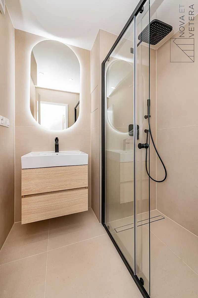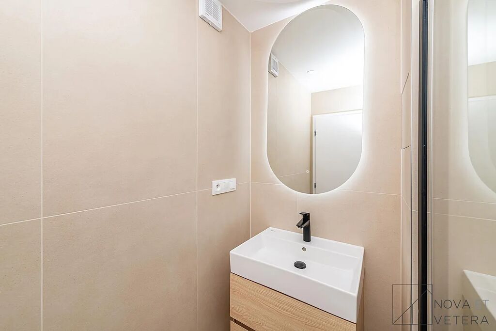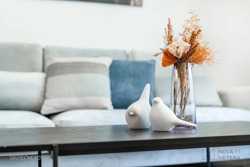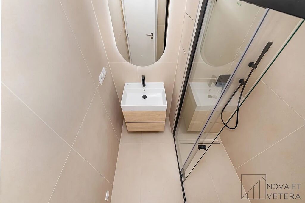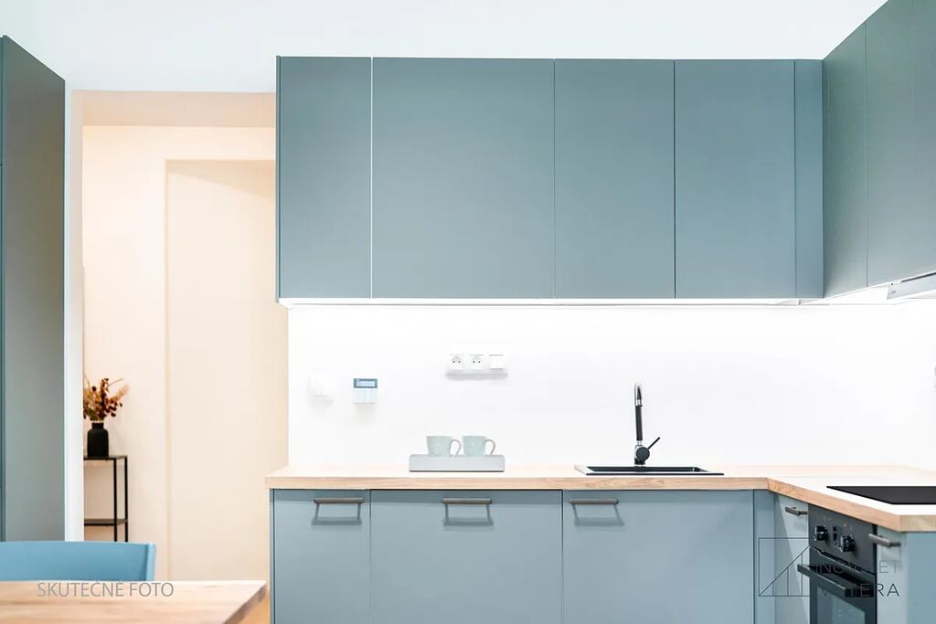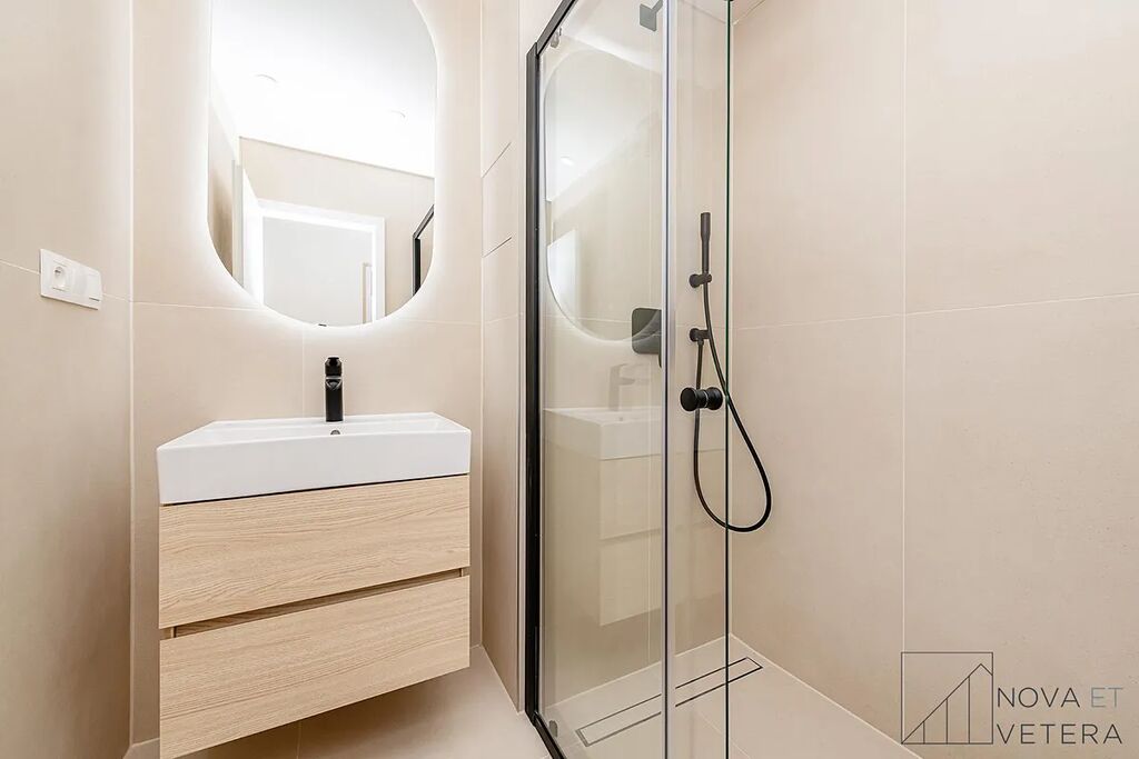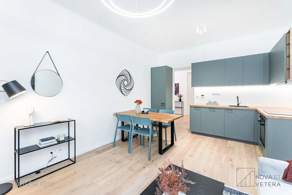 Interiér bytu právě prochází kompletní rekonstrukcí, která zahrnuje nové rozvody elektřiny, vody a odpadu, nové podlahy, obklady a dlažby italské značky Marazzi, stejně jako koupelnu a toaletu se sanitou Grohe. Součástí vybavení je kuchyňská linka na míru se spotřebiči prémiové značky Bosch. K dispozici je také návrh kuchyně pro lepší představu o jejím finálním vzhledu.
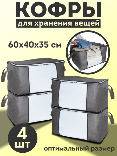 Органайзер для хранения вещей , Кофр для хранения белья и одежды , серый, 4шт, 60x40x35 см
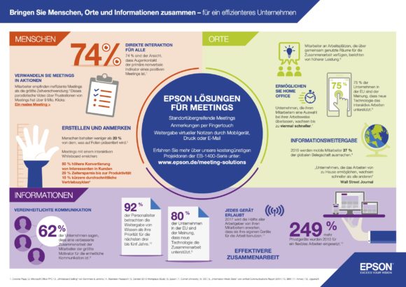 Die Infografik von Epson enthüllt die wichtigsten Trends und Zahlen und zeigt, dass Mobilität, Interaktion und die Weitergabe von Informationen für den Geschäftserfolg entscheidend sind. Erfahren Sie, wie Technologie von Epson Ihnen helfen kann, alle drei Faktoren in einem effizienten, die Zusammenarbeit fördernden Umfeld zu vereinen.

::::::::

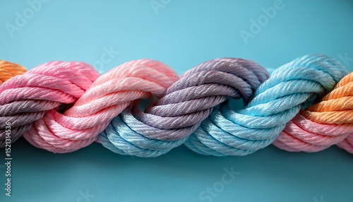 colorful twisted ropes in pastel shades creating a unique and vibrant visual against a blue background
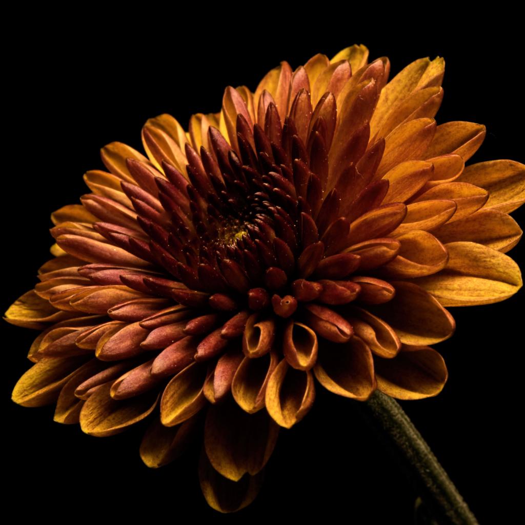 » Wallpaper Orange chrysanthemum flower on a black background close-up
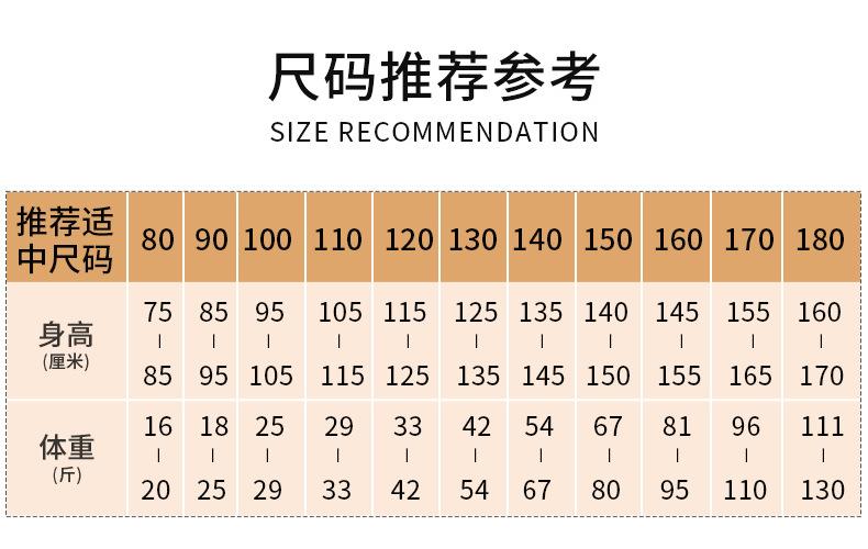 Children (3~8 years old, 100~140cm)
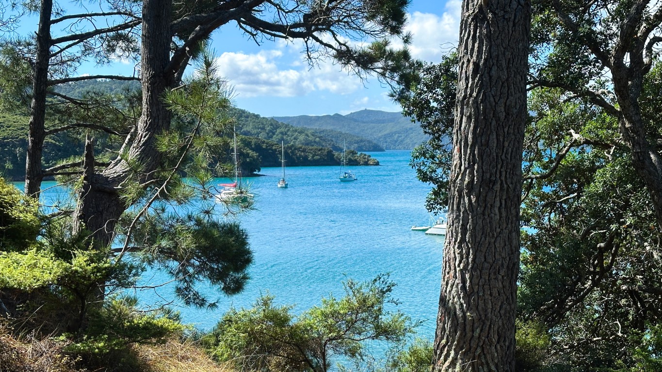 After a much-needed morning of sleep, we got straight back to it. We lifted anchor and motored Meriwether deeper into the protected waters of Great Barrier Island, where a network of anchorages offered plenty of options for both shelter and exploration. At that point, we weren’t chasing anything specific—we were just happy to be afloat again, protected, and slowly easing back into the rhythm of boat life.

::::::::

▶ **Your objective**: Repeat exactly, and only, the entries from the line with "colorful twisted ropes" through the line with "After a much-needed". Pictures are skipped.

▶ **Solution to the exercise**:
 colorful twisted ropes in pastel shades creating a unique and vibrant visual against a blue background
 » Wallpaper Orange chrysanthemum flower on a black background close-up
 Children (3~8 years old, 100~140cm)
 After a much-needed morning of sleep, we got straight back to it. We lifted anchor and motored Meriwether deeper into the protected waters of Great Barrier Island, where a network of anchorages offered plenty of options for both shelter and exploration. At that point, we weren’t chasing anything specific—we were just happy to be afloat again, protected, and slowly easing back into the rhythm of boat life.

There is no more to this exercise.